When Amanda Knox was set free on Monday, exonerated of murdering her roommate, Meredith Kercher, she must have walked out of that Italian courtroom in disbelief. For four years she had been vilified and dehumanized, accused, and then imprisoned for a crime she did not commit. If she lost her appeal she was looking at an even longer sentence than the one she initially received. I cannot even imagine what it must have been like for her, knowing that if she lost she would be spending the rest of her life in prison.
I watched her final plea before the jury yesterday morning. It came from her soul. You could feel it, and I guess the jury did too.

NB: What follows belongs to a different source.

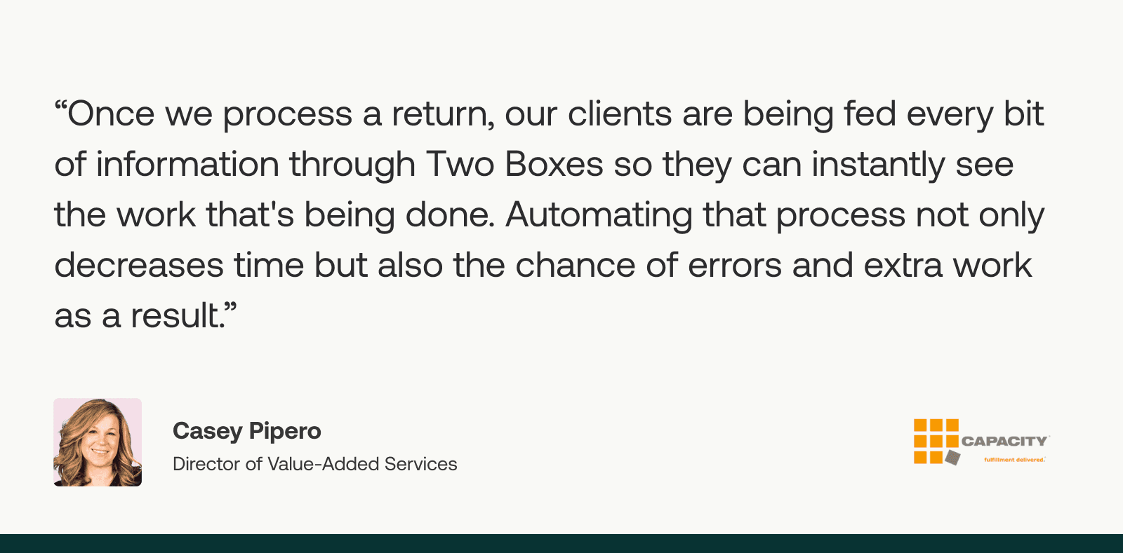 With Two Boxes, Capacity has quickly scaled up their returns processing thanks to fewer manual steps. Up-to-date data ensures they stay ahead of higher volumes of returned items and keeps clients informed about their reverse fulfillment.

The Amanda Knox story makes me think of all the people who are wrongfully accused, whether in a court of law, the court of public opinion, or even in the quiet of our own minds. It is one of the more tragic aspects of the human condition that we so often feel the need to condemn and ultimately to destroy others as a means to our own validation. Undoubtedly, some people are up to no good, and we may at times need to be on our guard, but we must temper that with the understanding that as humans we are not omniscient, and we can be very, very wrong in our evaluation of others.
Twenty four year old Amanda Knox was wrongly accused and condemned, and yet with overwhelming odds against her, she fought back, and won. Truth triumphed in Perugia, when it so easily could have gone the other way. In a world where, too often, the truth is denied, goodness is brushed aside and evil is rewarded, the Knox victory is a victory for us all.